= Beginning of Section =

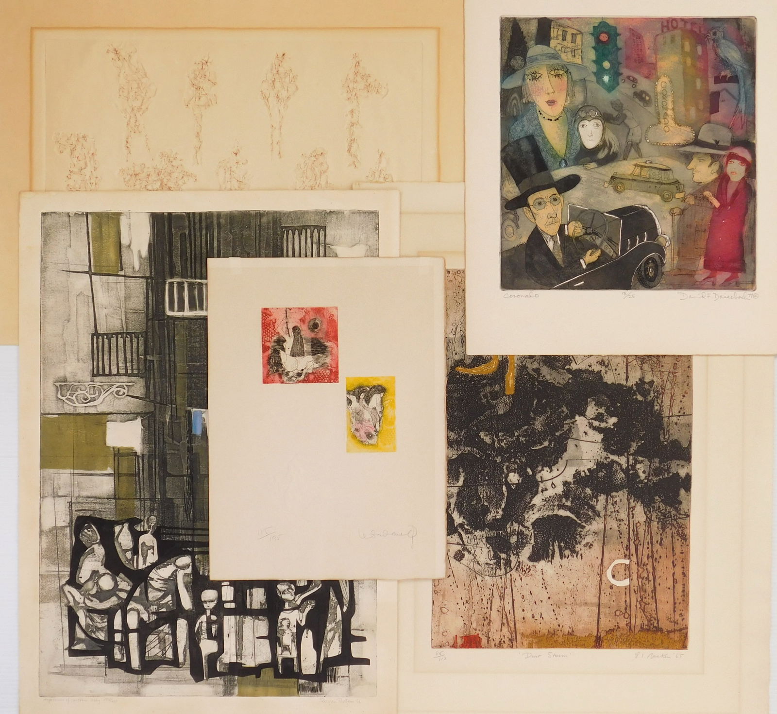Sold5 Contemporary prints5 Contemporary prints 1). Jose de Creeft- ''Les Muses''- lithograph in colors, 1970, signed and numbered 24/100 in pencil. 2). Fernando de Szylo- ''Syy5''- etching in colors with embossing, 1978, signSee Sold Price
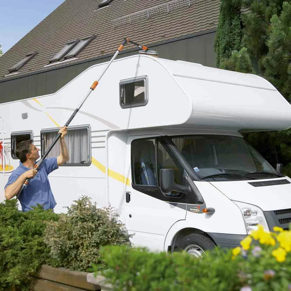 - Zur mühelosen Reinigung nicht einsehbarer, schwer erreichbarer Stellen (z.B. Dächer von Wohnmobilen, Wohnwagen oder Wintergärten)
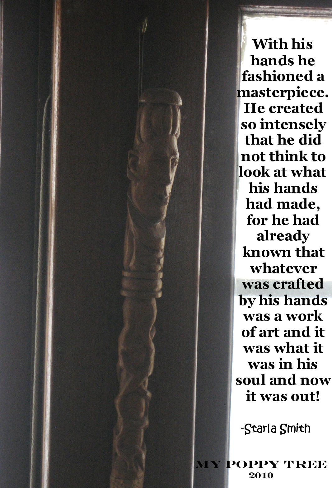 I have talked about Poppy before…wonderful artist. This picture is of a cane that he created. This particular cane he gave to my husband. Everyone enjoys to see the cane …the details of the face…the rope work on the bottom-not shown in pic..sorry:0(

= End of Section =
= Beginning of Section =

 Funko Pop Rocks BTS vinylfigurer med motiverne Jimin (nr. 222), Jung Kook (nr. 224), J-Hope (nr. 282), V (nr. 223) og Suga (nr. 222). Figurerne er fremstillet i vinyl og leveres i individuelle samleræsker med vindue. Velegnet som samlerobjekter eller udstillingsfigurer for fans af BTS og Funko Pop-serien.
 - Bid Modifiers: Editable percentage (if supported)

= End of Section =

** Work order **
What are the lines above, starting at the one with "Funko Pop Rocks" and ending at the one with "- Bid Modifiers: Editable"? Give them again exactly, and only them.

** Answer box **
 Funko Pop Rocks BTS vinylfigurer med motiverne Jimin (nr. 222), Jung Kook (nr. 224), J-Hope (nr. 282), V (nr. 223) og Suga (nr. 222). Figurerne er fremstillet i vinyl og leveres i individuelle samleræsker med vindue. Velegnet som samlerobjekter eller udstillingsfigurer for fans af BTS og Funko Pop-serien.
 - Bid Modifiers: Editable percentage (if supported)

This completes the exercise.